◆ WHAT TO PRODUCE: Your task is to return, word for word, only the lines from the line with "By analyzing the" through the close of the data. Exclude all pictures.

◆ RECORDS FOR THE TASK:
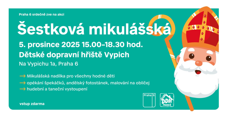 Čeká vás mikulášská nadílka, setkání s čerty a anděly, hudební a taneční vystoupení, opékání špekáčků. Akce se koná v areálu dopravního hřiště DDM na Vypichu.
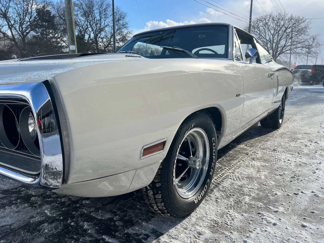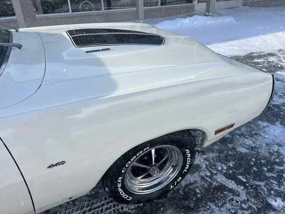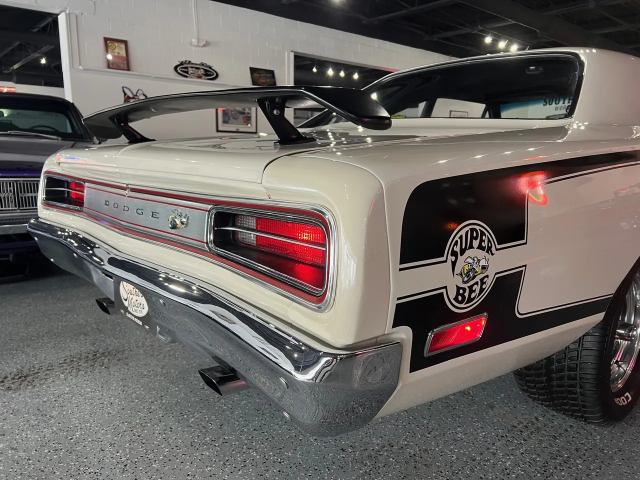 True (WM) Super Bee, clean Georgia car, Recent Body-Up Restoration, beautiful factory (W1) white car, black Bee striping, factory (X9) black vinyl interior, mild build 440 ci engine, factory (D21) 4 speed manual transmission, 650 Edelbrock 4 bbl, factory intake & exhaust manifolds, electronic ignition, dual snorkel air cleaner, factory valve covers, power steering, Wilwood front disc brakes, aluminum radiator, factory bench seat, factory Rally dash, original am radio, Hurst Pistol Grip shifter, rear defog, dual exhaust with chrome tips, factory 8 ¾ 3,23 Sure Grip with rear sway bar, 295/60R15 Cooper rear tires, 245/60R15 fronts, 15X8 billet Magnum 500 wheels, rear spoiler, factory jack with spare, Mopar Muscle!
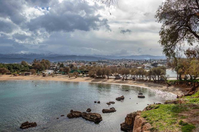 Der Wetterbericht sagt wieder einmal wolkenreiches und regnerisches Wetter voraus; wir stellen uns auf zwei gemütliche Tage in STAVRÓS ein. Doch zwischen den schneebedeckten Bergen der LEFKÁ ÓRI und der Küste spitzt immer wieder einmal blauer Himmel durch.
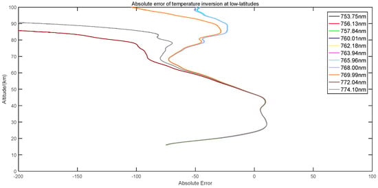 By analyzing the absolute and relative deviation distributions in the figures, the maximum absolute deviation at a low altitude of 14–20 km is approximately 70 K, and the corresponding relative deviation is 27%. Analyzing this is not within the scope of this research. With an increase in height, the deviation decreases. At 20–50 km, the maximum relative deviation is 15%, the minimum is 0, and the minimum accuracy is 0.15 K. At the height of 50–100 km, the relative deviation of 753–768 nm is within 13–20%, and the minimum accuracy is approximately 20 K. The relative deviation of other wavelengths is too large, which means that the detection accuracy is low.
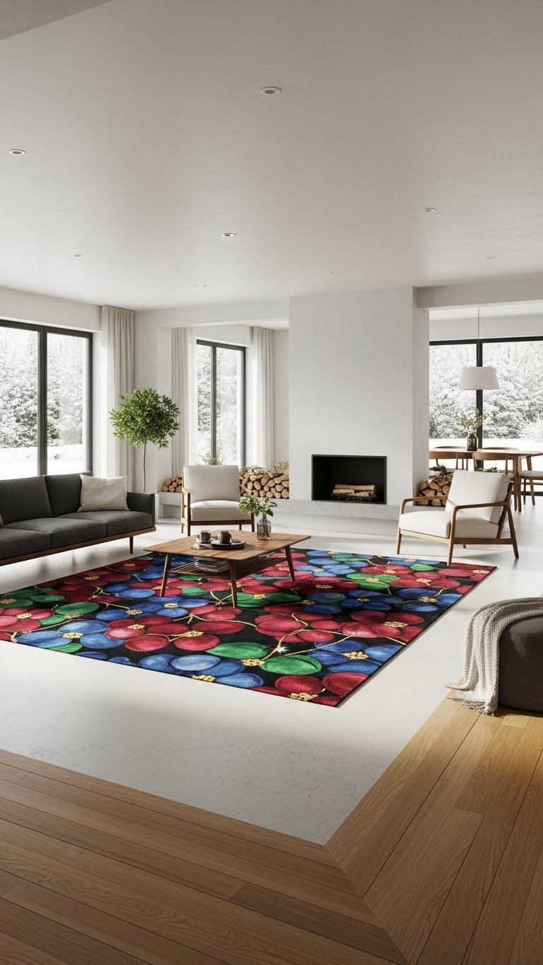 A winterberry statement rug can instantly energize a neutral floor, anchoring the room with deep cranberry and jewel-toned accents that read sophisticated rather than seasonal.

◆ SOLUTION TO THIS TASK:
 By analyzing the absolute and relative deviation distributions in the figures, the maximum absolute deviation at a low altitude of 14–20 km is approximately 70 K, and the corresponding relative deviation is 27%. Analyzing this is not within the scope of this research. With an increase in height, the deviation decreases. At 20–50 km, the maximum relative deviation is 15%, the minimum is 0, and the minimum accuracy is 0.15 K. At the height of 50–100 km, the relative deviation of 753–768 nm is within 13–20%, and the minimum accuracy is approximately 20 K. The relative deviation of other wavelengths is too large, which means that the detection accuracy is low.
 A winterberry statement rug can instantly energize a neutral floor, anchoring the room with deep cranberry and jewel-toned accents that read sophisticated rather than seasonal.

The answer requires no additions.